• [PROMPT]: Nothing belongs in the answer except the lines of the material that include "suite".

################

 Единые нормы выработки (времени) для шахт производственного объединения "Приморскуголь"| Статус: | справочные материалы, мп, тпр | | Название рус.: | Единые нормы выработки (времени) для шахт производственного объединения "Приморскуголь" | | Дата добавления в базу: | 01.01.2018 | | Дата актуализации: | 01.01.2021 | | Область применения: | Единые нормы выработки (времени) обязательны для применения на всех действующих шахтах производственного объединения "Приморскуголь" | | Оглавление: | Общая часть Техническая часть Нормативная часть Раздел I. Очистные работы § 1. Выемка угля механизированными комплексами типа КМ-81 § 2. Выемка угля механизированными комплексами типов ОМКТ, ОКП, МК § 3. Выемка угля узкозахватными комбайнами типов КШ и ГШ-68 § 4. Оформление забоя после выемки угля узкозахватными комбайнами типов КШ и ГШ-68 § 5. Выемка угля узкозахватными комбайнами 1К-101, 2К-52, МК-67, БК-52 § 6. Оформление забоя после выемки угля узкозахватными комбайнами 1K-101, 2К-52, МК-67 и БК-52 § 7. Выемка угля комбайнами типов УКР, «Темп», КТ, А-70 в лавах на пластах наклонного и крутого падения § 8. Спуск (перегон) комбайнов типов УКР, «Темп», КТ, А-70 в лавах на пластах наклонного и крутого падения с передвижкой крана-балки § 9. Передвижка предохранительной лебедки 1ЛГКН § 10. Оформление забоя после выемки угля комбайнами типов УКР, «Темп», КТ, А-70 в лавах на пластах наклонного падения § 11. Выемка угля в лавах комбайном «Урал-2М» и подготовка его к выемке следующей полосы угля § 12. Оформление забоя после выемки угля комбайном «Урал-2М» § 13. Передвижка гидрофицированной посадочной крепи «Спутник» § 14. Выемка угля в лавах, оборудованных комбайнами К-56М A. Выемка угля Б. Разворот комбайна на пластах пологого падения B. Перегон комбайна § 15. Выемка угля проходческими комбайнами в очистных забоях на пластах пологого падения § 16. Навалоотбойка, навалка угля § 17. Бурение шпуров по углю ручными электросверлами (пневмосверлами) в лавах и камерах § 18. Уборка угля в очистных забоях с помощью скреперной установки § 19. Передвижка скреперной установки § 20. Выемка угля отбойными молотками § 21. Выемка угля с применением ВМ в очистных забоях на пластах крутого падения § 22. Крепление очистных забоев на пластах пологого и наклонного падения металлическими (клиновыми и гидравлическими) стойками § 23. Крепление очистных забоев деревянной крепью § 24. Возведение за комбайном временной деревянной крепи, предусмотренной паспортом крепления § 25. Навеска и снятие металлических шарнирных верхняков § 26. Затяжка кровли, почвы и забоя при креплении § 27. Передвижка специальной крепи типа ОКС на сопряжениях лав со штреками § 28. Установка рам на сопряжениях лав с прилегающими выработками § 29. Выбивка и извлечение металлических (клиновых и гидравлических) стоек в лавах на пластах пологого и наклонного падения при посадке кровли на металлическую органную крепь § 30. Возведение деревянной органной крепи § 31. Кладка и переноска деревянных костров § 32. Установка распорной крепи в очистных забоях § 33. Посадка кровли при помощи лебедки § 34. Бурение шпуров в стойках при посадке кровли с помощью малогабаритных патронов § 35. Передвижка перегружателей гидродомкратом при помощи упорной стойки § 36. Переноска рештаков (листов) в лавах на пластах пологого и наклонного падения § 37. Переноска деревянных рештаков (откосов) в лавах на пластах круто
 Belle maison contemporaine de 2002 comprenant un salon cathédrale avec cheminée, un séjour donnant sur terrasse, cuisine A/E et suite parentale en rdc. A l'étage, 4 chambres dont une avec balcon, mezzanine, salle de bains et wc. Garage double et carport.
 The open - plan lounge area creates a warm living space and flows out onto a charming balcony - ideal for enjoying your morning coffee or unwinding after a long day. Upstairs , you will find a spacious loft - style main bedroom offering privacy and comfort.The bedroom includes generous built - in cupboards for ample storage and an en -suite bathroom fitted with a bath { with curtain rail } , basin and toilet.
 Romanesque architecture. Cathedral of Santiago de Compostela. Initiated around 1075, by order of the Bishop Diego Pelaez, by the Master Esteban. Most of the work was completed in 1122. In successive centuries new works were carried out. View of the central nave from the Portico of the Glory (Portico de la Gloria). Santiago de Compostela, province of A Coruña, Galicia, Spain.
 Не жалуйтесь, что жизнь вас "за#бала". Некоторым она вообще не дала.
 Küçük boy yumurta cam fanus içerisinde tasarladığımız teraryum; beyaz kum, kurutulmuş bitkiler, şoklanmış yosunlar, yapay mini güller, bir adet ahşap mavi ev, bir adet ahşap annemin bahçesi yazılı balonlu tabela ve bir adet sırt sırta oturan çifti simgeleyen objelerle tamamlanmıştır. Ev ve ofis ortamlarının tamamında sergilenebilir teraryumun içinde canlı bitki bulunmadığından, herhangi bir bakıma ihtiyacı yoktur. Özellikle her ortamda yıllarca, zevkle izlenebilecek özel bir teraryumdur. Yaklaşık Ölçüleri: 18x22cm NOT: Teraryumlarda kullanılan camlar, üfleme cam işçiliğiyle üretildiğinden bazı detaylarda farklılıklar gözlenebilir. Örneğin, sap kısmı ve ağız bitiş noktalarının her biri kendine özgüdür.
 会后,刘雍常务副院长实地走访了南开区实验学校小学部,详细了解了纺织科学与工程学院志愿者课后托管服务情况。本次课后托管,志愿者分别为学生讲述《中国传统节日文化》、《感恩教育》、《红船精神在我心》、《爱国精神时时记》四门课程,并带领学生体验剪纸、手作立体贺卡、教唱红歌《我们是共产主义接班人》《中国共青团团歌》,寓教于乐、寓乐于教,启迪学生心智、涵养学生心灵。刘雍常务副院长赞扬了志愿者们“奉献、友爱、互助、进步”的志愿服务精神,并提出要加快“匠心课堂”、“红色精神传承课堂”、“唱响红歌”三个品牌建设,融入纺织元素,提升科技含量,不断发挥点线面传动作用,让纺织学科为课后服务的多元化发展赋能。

################

• [YOUR SOLUTION]:
 Belle maison contemporaine de 2002 comprenant un salon cathédrale avec cheminée, un séjour donnant sur terrasse, cuisine A/E et suite parentale en rdc. A l'étage, 4 chambres dont une avec balcon, mezzanine, salle de bains et wc. Garage double et carport.
 The open - plan lounge area creates a warm living space and flows out onto a charming balcony - ideal for enjoying your morning coffee or unwinding after a long day. Upstairs , you will find a spacious loft - style main bedroom offering privacy and comfort.The bedroom includes generous built - in cupboards for ample storage and an en -suite bathroom fitted with a bath { with curtain rail } , basin and toilet.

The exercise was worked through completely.